Some other researchers assert that teaching excellence requires professional valuing of kindness. Stephen Rowland (2009), for example, talks of kindness as being a requirement for teaching excellence. That is, excellent teachers are kind people that bring that value to their teaching. Once again, this perspective has a relaxed consideration of a teacher's requirement to develop skills to be professionally kind. Rowland, sees kindness as relevant only for the excellent, whereas I argue that it is a fundamental requirement for any effective professional.
Armed with my research question: In what ways does kindness manifest in the professional practices of teaching? I received ethical clearance from Southern Cross University Human Ethics Committee to ask two people for their perspectives on this – a high school student and a pre-service teacher. The high school student said:
A kind teacher shows students that they want to be more interactive. They say encouraging things and try to help. It matters that teachers are kind because I wouldn't want to be at school if I didn't feel encouraged to do the work.
Kindness in this instance was considered to be observable behavior linked to the set work, but also that it is dependent upon personal encouragements and positive interaction led by the teacher.
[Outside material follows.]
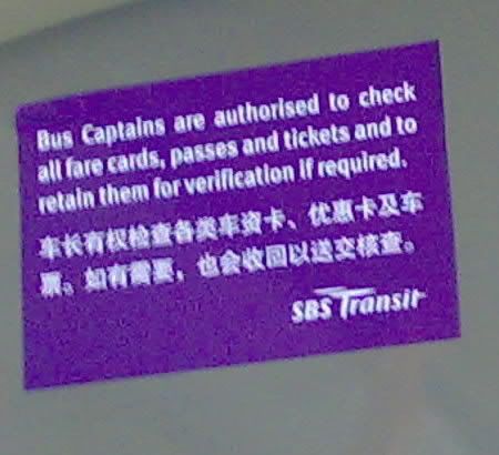 "Bus Captains are authorized to check all fare cards, passes and ticket and to retain them for varification if required."Originally posted by Y_Shun:authorized to check....but can they keep it?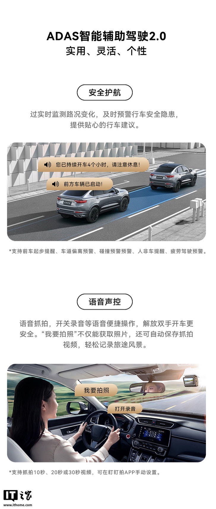 此外,该行车记录仪还搭载 ADAS 辅助驾驶 2.0 技术,基本上就是一个基于视觉识别的语音助理,支持提醒前车起步、车道偏离、碰撞预警等。

The pre-service teacher said:
Teachers show their kindness in the way they go about teaching, the language they use, and the way they interact with students both within and outside the classroom. It encompasses everything, including demonstrating the behavior they expect…There is overlap between being an inclusive practitioner. Still, there are parts of being inclusive that are not the same as being kind. Demonstrating the practices and habits that you'd expect out of your students is not necessarily related to being inclusive. Still, it does relate to kindness, and some areas are related to both, such as the language and activities that are used in the classroom to interact with students.
Two key points here are that kindness is present in the professional choices made by the teacher at every turn, and that is aligned with, but different from, being an inclusive practitioner. Both of the interviewees, without prompting, made strong arguments that kindness is an absolute necessity for teachers. Their descriptions of how a teacher needs to be kind demonstrate my point that kindness is applied and professional expertise.
This professional kindness requires deep professional knowledge of each student as a learner combined with a careful and compassionate assessment of their developmental and conceptual needs.
Being professionally kind depends upon excellent relationship and interpersonal skills that reflect the diagnostic understandings of the teacher for the self-belief, motivation, and academic capabilities of their student. The kind teacher engenders trust, is discreet, gently encouraging, and differentiates for every aspect of their art in a way that exudes compassion and valuing of the individual.
This should not just be the preserve of the ‘excellent teacher. This is simply effective teaching. But, surprisingly, we don't require it. There is no reference to kindness, compassion, or applied empathy in any of the Australian professional standards.
We ask many things of teachers in those 37 Australian Professional Standards for Teaching (AITSL, 2020). Still, we miss a couple and I assert that kindness as a requirement is one of them. The Australian Professional Standards for Teaching describes the requirement for teachers to demonstrate their ability to create safe, supportive, and inclusive environments. Yet, professional kindness is more than these things. In fact, it is different from them.
We live in extraordinary times, with violence, intolerance, systematic oppression, and prejudice. There is no better time to call for our profession to embrace humane values and to express them through kindness in our professional work. It is essential and ought to be a requirement – a professional standard.